**TASK INSTRUCTIONS**: Write out, word for word, each line from the start of the entries through the one holding "为了更好地控制这些需求,几家汽车制造商为始终保持接通的 DC/DC 转换器确定了"; omit the pictures.

===== SUPPLIED RECORDS

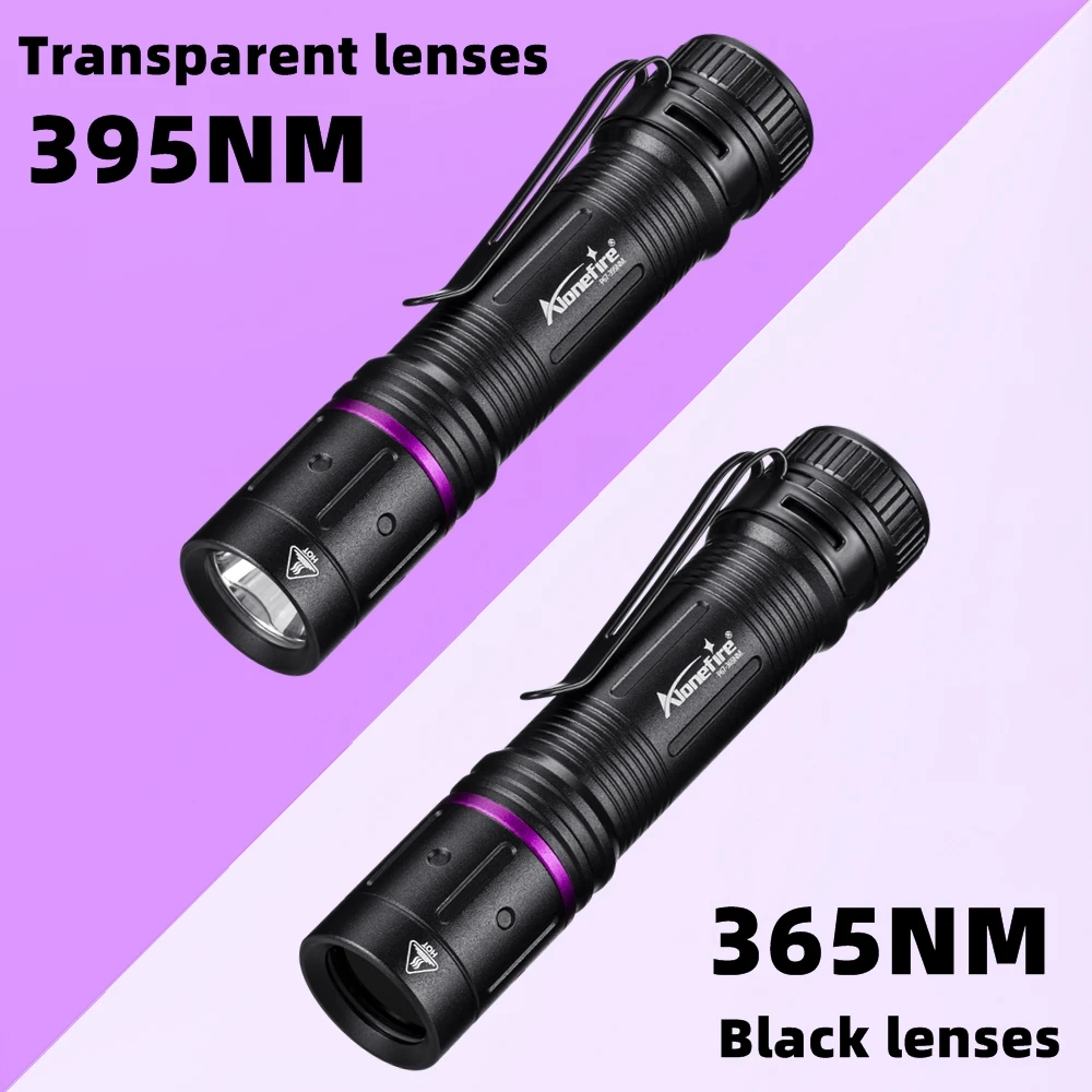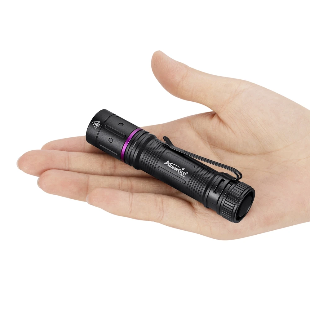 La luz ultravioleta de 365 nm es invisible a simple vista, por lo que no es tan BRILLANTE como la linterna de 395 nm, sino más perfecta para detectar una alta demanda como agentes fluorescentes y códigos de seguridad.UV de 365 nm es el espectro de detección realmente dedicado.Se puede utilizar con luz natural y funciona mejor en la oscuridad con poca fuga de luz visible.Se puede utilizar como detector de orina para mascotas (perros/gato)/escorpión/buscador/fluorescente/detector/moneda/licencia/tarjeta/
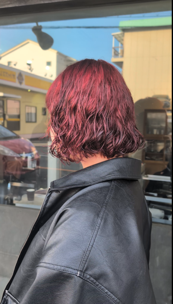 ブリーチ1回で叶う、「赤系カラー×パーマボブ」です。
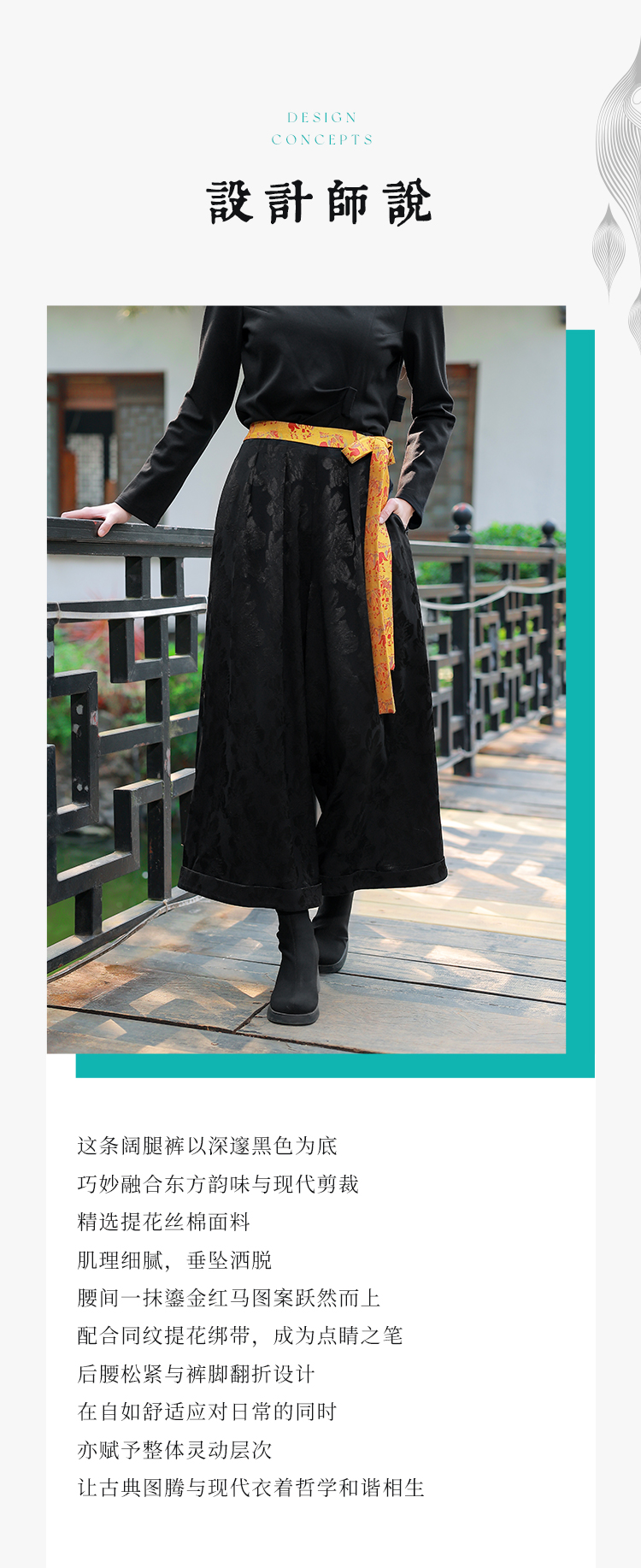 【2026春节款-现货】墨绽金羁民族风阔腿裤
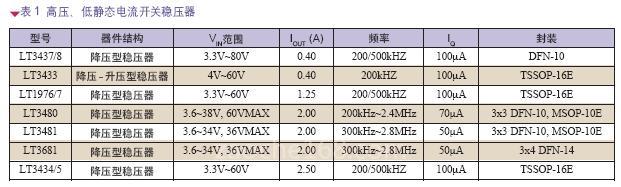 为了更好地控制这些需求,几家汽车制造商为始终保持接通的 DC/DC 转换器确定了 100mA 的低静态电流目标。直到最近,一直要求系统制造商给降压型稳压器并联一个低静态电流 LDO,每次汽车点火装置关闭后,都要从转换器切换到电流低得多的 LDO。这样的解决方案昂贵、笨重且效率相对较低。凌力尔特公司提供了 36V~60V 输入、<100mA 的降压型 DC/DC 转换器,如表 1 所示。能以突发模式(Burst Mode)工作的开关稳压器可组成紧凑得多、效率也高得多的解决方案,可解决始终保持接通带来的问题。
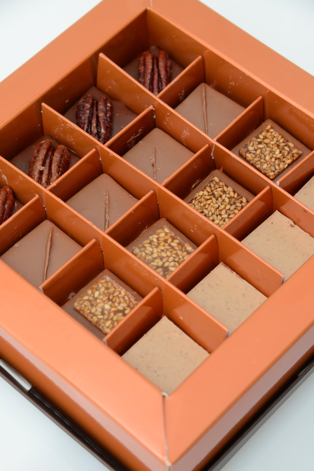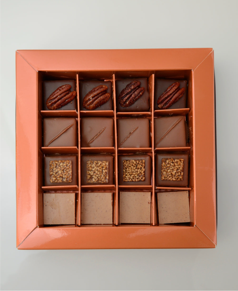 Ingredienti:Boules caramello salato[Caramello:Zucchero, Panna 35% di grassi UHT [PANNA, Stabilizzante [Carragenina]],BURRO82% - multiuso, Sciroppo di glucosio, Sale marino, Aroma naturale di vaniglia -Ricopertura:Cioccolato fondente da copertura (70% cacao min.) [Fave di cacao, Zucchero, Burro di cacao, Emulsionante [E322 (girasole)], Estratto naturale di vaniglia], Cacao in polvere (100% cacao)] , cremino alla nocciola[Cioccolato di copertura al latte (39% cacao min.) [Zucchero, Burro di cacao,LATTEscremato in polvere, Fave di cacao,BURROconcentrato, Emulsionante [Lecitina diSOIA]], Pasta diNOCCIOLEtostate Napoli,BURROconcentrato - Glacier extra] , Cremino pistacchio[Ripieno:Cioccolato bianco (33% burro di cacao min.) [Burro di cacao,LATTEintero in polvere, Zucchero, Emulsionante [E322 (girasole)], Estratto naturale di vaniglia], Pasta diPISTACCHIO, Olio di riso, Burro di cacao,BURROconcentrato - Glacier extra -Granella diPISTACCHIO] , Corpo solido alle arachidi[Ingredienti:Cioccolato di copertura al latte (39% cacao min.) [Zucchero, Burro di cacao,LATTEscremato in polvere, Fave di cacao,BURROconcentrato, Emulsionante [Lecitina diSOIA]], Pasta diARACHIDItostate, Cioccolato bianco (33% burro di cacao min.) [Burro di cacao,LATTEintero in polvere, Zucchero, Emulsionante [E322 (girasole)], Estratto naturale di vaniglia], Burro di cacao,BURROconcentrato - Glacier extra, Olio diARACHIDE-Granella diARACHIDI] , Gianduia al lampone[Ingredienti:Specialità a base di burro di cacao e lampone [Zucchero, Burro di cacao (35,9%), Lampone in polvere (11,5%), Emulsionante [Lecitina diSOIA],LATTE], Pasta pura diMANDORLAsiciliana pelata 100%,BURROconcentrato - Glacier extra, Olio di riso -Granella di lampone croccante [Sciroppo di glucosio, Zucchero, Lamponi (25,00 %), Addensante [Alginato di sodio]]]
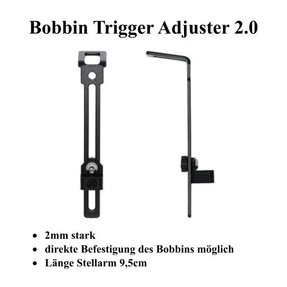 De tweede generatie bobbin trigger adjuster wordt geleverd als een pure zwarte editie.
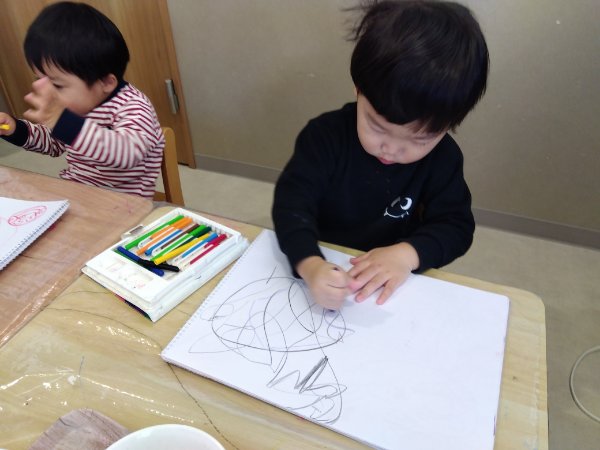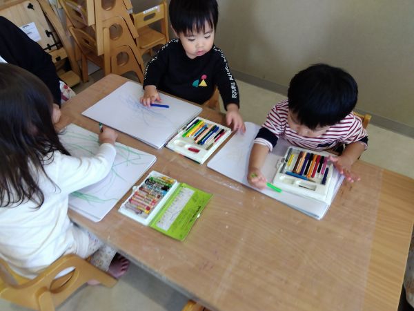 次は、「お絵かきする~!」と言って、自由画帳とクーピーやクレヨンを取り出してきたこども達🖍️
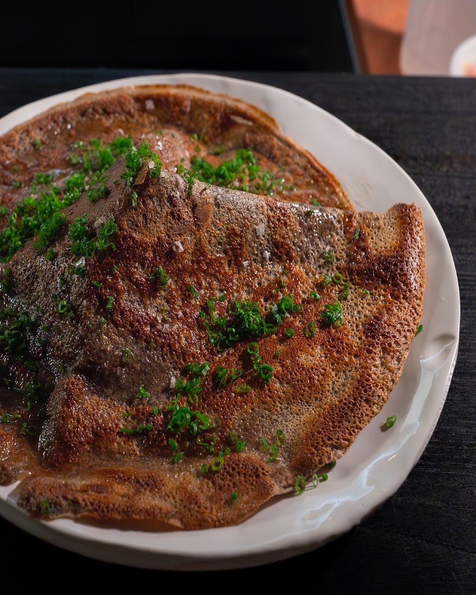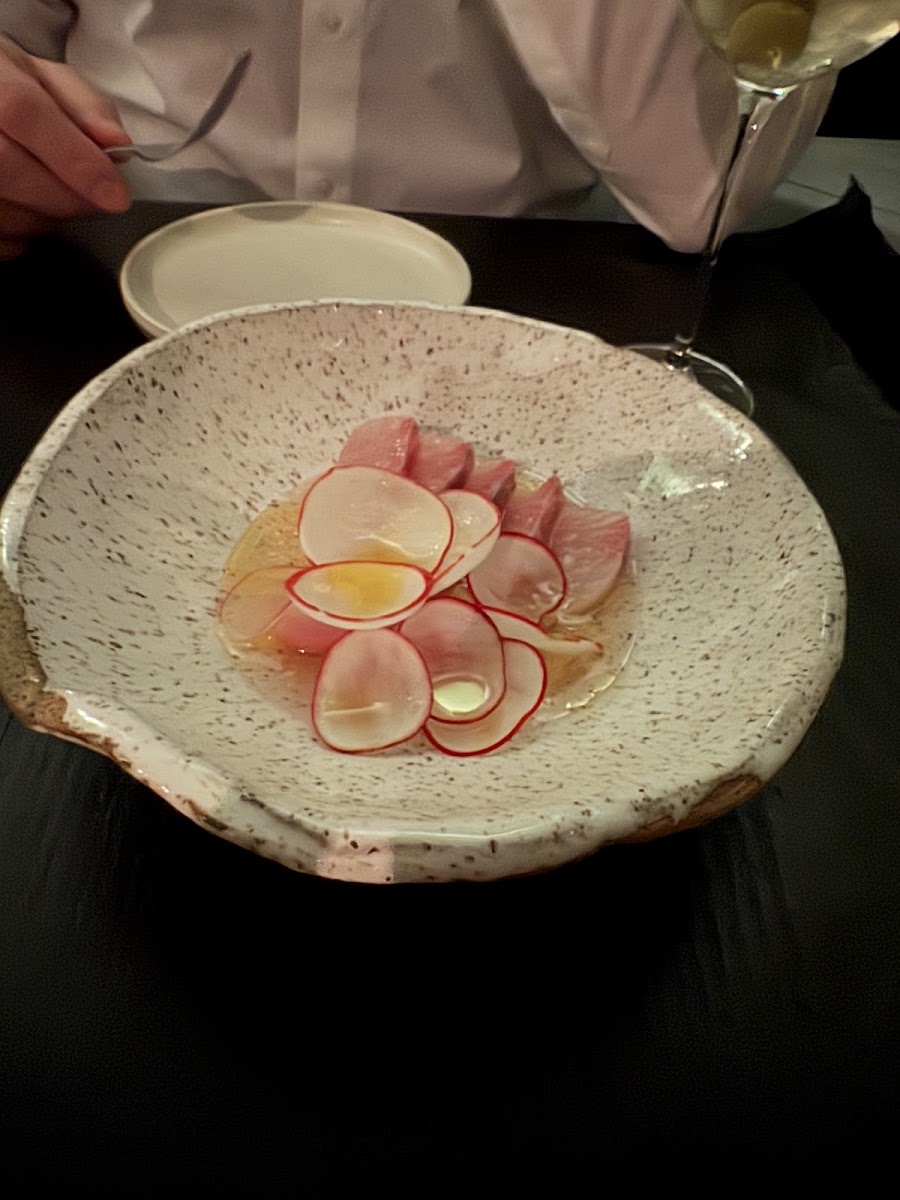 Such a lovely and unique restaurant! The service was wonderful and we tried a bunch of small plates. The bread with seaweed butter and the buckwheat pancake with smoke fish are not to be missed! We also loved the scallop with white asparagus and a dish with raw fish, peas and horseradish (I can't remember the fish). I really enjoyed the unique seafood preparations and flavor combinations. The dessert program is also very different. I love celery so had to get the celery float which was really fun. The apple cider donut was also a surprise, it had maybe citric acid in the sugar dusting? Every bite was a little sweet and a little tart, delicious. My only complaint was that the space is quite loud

==========

**RESULT BELOW**:
 La luz ultravioleta de 365 nm es invisible a simple vista, por lo que no es tan BRILLANTE como la linterna de 395 nm, sino más perfecta para detectar una alta demanda como agentes fluorescentes y códigos de seguridad.UV de 365 nm es el espectro de detección realmente dedicado.Se puede utilizar con luz natural y funciona mejor en la oscuridad con poca fuga de luz visible.Se puede utilizar como detector de orina para mascotas (perros/gato)/escorpión/buscador/fluorescente/detector/moneda/licencia/tarjeta/
 ブリーチ1回で叶う、「赤系カラー×パーマボブ」です。
 【2026春节款-现货】墨绽金羁民族风阔腿裤
 为了更好地控制这些需求,几家汽车制造商为始终保持接通的 DC/DC 转换器确定了 100mA 的低静态电流目标。直到最近,一直要求系统制造商给降压型稳压器并联一个低静态电流 LDO,每次汽车点火装置关闭后,都要从转换器切换到电流低得多的 LDO。这样的解决方案昂贵、笨重且效率相对较低。凌力尔特公司提供了 36V~60V 输入、<100mA 的降压型 DC/DC 转换器,如表 1 所示。能以突发模式(Burst Mode)工作的开关稳压器可组成紧凑得多、效率也高得多的解决方案,可解决始终保持接通带来的问题。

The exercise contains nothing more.